Poderá discutir-se a forma como Antonioni chega a essas conclusões, não a sinceridade da sua denúncia, bem enraizada numa observação crítica e expressa num aparente formalismo também ele distante e gélido. Afinal esse olhar de Antonioni é o equivalente encontrado pelo autor para exprimir por imagens o que pretende dizer, sem o recurso a muitas palavras. É o próprio Giovanni quem, a certa altura do filme, afirma encontrar-se em crise. Não “de sobre o que escrever, mas de como o escrever”. Novas realidades pressupõem novas abordagens, e o cinema de Antonioni é bem o representante fidedigno dessa nova realidade italiana, que nada tinha já a ver com a Itália do fascismo e do fim da guerra, a Itália do primeiro tempo do neo-realismo.
Antonioni, numa mesma linha de raciocínio, foi sempre um cineasta, um artista, aberto à novidade e ao que está na moda. Nesta trilogia ele interpenetra o cinema e o “nouveau roman”, como mais tarde irá assumir o digital (“O Mistério de Oberwald”), como noutras obras se deixara contaminar pela estética psicadélica (em “Blow Up” e sobretudo em “Zabriskie Point”), como tentará compreender o fenómeno da contracultura (em “Zabriskie Point”), como viajará até à China (em “Chung Kuo”), como investirá num erotismo de anos 80 (em “Identificação de uma Mulher), etc.

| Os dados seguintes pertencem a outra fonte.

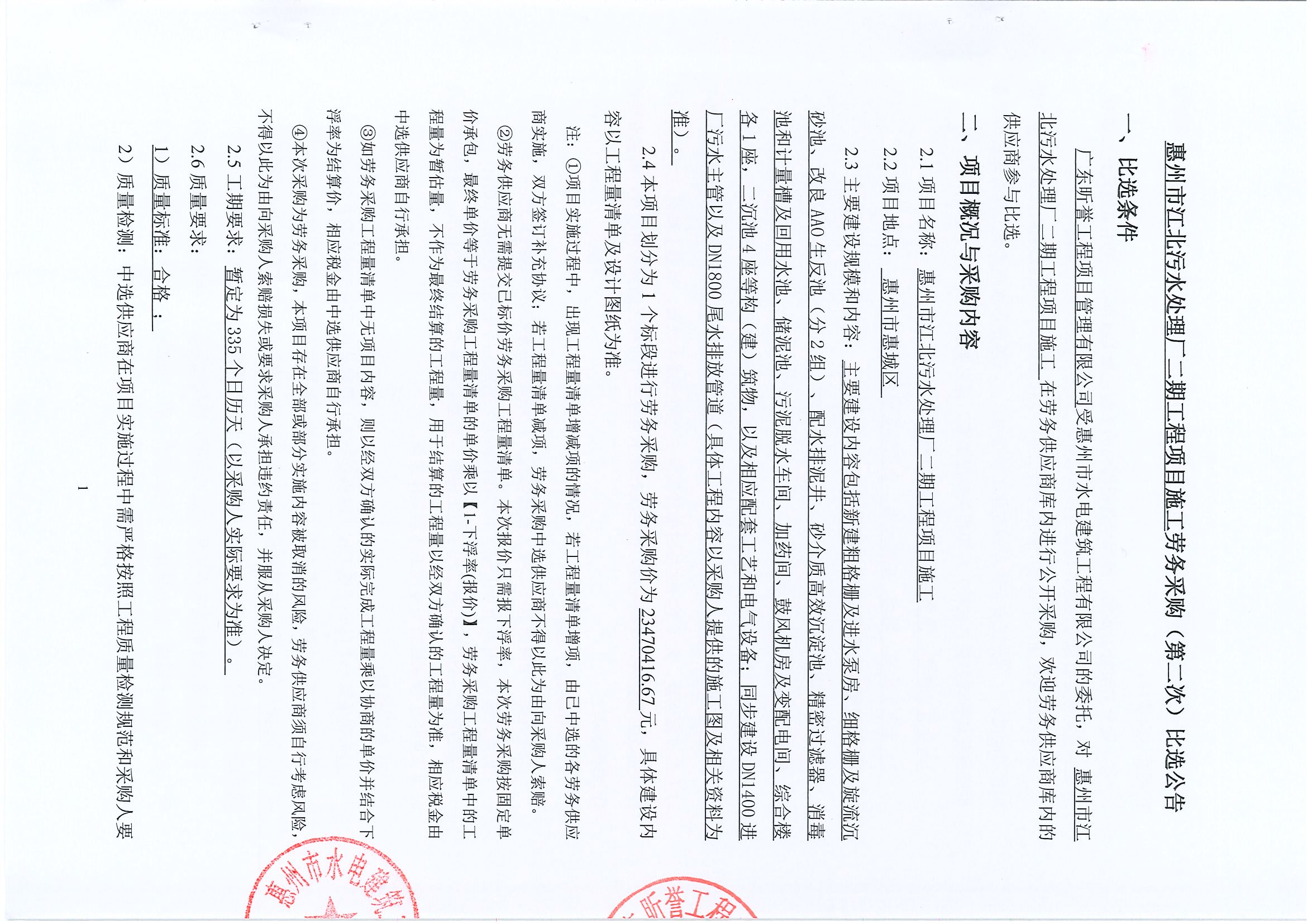 惠州市江北污水處理廠二期工程項目施工勞務采購(第二次)比選公告

De resto, “A Noite” é uma brilhante obra de arte, onde planos e movimentos de câmara existem pela necessidade íntima dos acontecimentos que retratam e das intenções do autor que os comenta. Tudo se enquadra de forma a tornar clara uma frase citada no filme: “a democracia é a forma de aceitar as coisas como elas são”. Ao que Giovanni contrapõe que o escritor que tal afirmou o disse com ironia e não como o que nessa altura era aceite como verdade. Logo, para Antonioni a democracia seria, muito pelo contrário, e sem ironia, “a forma de alterar as coisas”.

A NOITE
Título original: La Notte

Realização: Michelangelo Antonioni (Itália, França, 1961); Argumento: Michelangelo Antonioni, Ennio Flaiano, Tonino Guerra; Produção: Emanuele Cassuto; Música: Giorgio Gaslini; Fotografia (p/b): Gianni Di Venanzo; Montagem: Eraldo Da Roma; Design de produção: Piero Zuffi; Maquilhagem: Micheline Chaperon, Franco Freda, Simone Knapp, Amalia Paoletti; Direcção de produção: Roberto Cocco, Paolo Frascá; Assistentes de realização: Franco Indovina, Berto Pelosso; Som: Claudio Maielli; Companhias de produção: Nepi Film, Silver Films, Sofitedip; Intérpretes: Marcello Mastroianni (Giovanni Pontano), Jeanne Moreau (Lidia), Monica Vitti (Valentina Gherardini), Bernhard Wicki (Tommaso Garani), Rosy Mazzacurati (Rosy), Maria Pia Luzi (uma convidada), Guido A. Marsan (Fanti), Vittorio Bertolini, Vincenzo Corbella (Mr. Gherardini), Ugo Fortunati (Cesarino), Gitt Magrini (Signora Gherardini), Giorgio Negro (Roberto), Odile Jean, Valentino Bompiani, Roberto Danesi, Umberto Eco, Giansiro Ferrata, Giorgio Gaslin, Alceo Guatelli, Ottiero Ottieri, Salvatore Quasimodo, Ettore Univelli, Eraldo Volonte, etc. Duração: 117 minutos; Classificação etária: M/17 anos (na estreia em salas de cinema); M/ 12 anos (em DVD); Distribuição em Portugal: Costa do Castelo Filmes; Estreia em Portugal: 16 de Julho de 1964 (Cinema S. Jorge).